Let x = (1+√2) and x’ = (1-√2). What happens when we add powers of x and x’?
Let y = (1+√2)^500 + (1-√2)^500
We can use the binomial theorem to expand the two powers. Now, for odd powers of √2, the coefficients will have opposite signs in the expansions of x^500 and x’^500 and they will cancel, so we have an expression for y in terms of even powers of √2. But an even power of √2 is a power of 2, so it is an integer. So y is an integer.
Now, what is x’^500? Well, x’ = 1-√2 is about -.414: it’s a negative number with absolute value less than ½. So the 500th power of x’ is positive and is less than (1/2)^500, which is very small – about 4x10^-192. So the decimal expansion of x’ begins with more than 100 zeroes.
So x plus a positive number beginning with 100 zeroes gives an integer: so the first 99 digits after the decimal point in x must all be 9s.
When I first saw this problem I thought it was impossible so I looked at the answer straightaway. But having read the answer it doesn’t seem so impossible – because when one has a term like (1+√2) in an expression it’s a common trick to think about (1-√2). It’s hard to see any other way one could tackle this problem! So having looked at the answer, I’m now sure I could have done it myself if I’d bothered. (I may be being over-optimistic!)
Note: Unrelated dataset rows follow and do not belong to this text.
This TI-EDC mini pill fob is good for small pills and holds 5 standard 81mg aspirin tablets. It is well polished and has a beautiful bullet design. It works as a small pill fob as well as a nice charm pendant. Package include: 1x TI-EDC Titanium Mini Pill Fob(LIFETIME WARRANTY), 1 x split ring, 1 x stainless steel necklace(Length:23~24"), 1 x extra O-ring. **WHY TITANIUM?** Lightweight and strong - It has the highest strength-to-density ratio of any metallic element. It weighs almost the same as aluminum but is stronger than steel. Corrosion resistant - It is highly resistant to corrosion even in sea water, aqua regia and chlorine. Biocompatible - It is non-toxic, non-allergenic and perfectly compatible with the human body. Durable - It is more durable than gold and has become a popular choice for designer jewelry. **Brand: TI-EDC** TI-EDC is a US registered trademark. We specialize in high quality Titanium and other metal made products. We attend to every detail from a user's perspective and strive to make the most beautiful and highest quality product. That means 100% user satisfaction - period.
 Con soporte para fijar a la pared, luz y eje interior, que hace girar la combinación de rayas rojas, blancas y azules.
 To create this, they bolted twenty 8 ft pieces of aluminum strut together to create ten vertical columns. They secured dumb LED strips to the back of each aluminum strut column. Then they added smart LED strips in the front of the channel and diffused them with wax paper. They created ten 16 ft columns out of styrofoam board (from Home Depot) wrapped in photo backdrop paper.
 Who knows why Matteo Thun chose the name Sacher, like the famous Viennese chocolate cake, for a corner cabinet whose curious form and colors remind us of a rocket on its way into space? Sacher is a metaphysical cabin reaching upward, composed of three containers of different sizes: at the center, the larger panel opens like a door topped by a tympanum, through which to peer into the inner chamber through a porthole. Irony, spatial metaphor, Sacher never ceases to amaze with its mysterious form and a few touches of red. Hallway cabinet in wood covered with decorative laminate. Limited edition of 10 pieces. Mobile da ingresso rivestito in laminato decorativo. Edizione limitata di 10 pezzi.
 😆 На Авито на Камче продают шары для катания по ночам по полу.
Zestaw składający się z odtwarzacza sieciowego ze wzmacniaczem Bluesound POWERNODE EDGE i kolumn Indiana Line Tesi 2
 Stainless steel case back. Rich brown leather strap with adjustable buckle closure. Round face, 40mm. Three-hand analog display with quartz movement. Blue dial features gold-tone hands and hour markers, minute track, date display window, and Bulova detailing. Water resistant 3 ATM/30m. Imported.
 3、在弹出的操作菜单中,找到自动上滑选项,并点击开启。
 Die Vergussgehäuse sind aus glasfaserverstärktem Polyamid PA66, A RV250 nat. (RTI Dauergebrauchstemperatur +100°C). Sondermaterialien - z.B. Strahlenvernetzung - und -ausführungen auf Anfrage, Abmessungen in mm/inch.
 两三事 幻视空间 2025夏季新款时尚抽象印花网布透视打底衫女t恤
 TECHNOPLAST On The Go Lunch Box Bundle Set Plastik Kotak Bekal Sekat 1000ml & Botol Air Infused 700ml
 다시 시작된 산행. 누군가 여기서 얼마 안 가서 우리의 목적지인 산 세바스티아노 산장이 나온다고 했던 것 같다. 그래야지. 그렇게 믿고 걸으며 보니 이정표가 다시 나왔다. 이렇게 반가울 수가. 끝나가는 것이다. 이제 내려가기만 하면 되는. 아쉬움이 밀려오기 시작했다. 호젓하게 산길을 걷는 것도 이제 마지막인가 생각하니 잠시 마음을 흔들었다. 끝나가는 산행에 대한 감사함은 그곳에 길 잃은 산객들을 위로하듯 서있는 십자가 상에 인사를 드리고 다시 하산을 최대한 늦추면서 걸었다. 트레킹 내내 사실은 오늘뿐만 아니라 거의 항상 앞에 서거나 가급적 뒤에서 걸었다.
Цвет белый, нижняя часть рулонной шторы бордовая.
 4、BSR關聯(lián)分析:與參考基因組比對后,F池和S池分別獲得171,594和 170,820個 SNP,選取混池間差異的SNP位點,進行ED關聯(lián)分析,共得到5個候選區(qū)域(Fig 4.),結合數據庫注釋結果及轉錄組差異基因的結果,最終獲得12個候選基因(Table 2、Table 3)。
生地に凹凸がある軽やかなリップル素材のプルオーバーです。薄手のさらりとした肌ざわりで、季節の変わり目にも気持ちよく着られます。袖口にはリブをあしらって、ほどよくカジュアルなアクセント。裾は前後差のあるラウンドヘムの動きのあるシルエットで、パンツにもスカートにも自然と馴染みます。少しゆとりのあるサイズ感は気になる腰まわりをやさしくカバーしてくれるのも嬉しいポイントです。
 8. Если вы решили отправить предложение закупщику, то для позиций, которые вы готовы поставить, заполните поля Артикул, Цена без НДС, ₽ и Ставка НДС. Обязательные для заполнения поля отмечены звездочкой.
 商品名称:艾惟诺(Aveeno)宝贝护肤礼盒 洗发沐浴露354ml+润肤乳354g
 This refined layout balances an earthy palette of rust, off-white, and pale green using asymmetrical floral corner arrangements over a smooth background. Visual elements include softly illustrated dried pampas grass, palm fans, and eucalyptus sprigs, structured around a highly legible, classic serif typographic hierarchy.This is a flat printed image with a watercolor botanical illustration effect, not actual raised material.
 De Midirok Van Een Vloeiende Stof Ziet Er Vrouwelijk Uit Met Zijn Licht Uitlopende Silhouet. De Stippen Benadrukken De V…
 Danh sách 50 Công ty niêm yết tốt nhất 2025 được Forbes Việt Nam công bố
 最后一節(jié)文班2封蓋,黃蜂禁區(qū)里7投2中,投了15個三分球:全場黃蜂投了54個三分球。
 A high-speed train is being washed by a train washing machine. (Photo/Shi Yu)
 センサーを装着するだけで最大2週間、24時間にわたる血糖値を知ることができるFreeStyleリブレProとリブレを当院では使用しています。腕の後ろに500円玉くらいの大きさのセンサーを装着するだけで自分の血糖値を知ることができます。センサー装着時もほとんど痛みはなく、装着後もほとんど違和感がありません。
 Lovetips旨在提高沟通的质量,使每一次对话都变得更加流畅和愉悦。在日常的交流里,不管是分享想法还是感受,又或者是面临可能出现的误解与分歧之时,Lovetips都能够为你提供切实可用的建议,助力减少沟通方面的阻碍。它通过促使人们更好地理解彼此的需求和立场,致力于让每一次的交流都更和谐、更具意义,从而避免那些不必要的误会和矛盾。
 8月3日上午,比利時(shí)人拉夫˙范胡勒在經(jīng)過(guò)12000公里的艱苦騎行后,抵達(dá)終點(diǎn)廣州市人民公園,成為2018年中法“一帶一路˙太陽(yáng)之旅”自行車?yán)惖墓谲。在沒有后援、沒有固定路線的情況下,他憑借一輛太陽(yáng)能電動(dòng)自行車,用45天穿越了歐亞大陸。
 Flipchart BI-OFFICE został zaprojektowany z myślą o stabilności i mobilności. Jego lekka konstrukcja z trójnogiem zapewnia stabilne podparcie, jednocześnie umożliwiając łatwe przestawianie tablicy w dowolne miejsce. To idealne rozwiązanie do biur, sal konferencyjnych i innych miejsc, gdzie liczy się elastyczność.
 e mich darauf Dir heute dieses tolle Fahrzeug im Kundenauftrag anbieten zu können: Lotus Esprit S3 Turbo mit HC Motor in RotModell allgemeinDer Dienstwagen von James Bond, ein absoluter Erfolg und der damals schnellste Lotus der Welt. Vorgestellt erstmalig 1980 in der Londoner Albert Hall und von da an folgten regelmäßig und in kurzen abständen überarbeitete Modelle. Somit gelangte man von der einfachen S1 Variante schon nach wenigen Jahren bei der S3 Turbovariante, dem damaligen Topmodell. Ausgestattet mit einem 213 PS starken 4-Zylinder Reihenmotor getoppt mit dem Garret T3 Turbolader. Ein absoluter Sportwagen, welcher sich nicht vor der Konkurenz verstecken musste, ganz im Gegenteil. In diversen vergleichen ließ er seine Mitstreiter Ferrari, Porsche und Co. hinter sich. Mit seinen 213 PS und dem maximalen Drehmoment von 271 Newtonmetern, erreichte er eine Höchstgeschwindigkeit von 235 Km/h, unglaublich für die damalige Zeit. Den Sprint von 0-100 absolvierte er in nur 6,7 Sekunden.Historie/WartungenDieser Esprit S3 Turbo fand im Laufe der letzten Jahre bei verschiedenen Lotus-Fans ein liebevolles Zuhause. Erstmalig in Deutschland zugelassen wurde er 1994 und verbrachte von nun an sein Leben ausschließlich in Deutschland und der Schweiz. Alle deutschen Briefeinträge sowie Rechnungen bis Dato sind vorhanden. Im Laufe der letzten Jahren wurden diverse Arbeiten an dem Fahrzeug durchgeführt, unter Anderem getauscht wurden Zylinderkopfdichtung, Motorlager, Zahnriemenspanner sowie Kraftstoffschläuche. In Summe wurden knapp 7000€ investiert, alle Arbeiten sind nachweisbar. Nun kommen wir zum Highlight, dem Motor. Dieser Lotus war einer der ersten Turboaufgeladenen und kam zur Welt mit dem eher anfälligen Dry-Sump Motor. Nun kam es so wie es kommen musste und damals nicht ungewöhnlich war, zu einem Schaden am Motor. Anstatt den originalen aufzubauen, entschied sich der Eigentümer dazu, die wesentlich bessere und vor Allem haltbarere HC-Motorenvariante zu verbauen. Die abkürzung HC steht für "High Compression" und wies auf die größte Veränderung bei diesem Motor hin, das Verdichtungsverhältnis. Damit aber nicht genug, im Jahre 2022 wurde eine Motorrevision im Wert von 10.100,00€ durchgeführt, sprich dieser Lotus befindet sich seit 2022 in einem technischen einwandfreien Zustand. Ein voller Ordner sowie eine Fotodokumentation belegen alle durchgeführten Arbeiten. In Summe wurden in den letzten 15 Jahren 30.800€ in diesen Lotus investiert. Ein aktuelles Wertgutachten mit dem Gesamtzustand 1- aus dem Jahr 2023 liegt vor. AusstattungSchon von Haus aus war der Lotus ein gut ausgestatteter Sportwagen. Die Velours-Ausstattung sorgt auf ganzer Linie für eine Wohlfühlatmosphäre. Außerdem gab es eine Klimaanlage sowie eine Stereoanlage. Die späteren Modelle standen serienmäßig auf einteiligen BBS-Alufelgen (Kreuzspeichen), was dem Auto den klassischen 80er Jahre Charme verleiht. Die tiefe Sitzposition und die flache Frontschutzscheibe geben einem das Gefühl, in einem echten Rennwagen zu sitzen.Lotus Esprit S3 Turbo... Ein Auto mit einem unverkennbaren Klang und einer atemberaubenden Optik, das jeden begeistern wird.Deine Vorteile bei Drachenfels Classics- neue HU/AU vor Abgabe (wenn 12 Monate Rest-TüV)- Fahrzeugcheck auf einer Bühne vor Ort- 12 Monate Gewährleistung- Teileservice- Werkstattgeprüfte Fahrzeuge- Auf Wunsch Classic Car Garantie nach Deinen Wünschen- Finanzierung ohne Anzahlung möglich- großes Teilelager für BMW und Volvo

Q10. Here are two messages enciphered using substitution ciphers. What do they say?
a) PREEZ LAEDHKPFH FSO AFYYZ SRT ZRFE!
b) RIFFY SRPWUZQIU! OWURWVM YAE I MAAX RALWXIY!
Answers: (a) MERRY CHRISTMAS AND A HAPPY NEW YEAR!
(b) HAPPY CHRISTMAS! WISHING YOU A GOOD HOLIDAY!
(b) was designed to avoid the letter E to make frequency analysis a little harder.
Questions 3, 4, 8 and 9 came from Mathematical Mind-Benders by Peter Winkler and Question 5 from the same author’s Mathematical Puzzles: A Connoisseur’s Collection. Questions 2, 6 and 7 are from David Wells's The Penguin Book of Curious and Interesting Puzzles.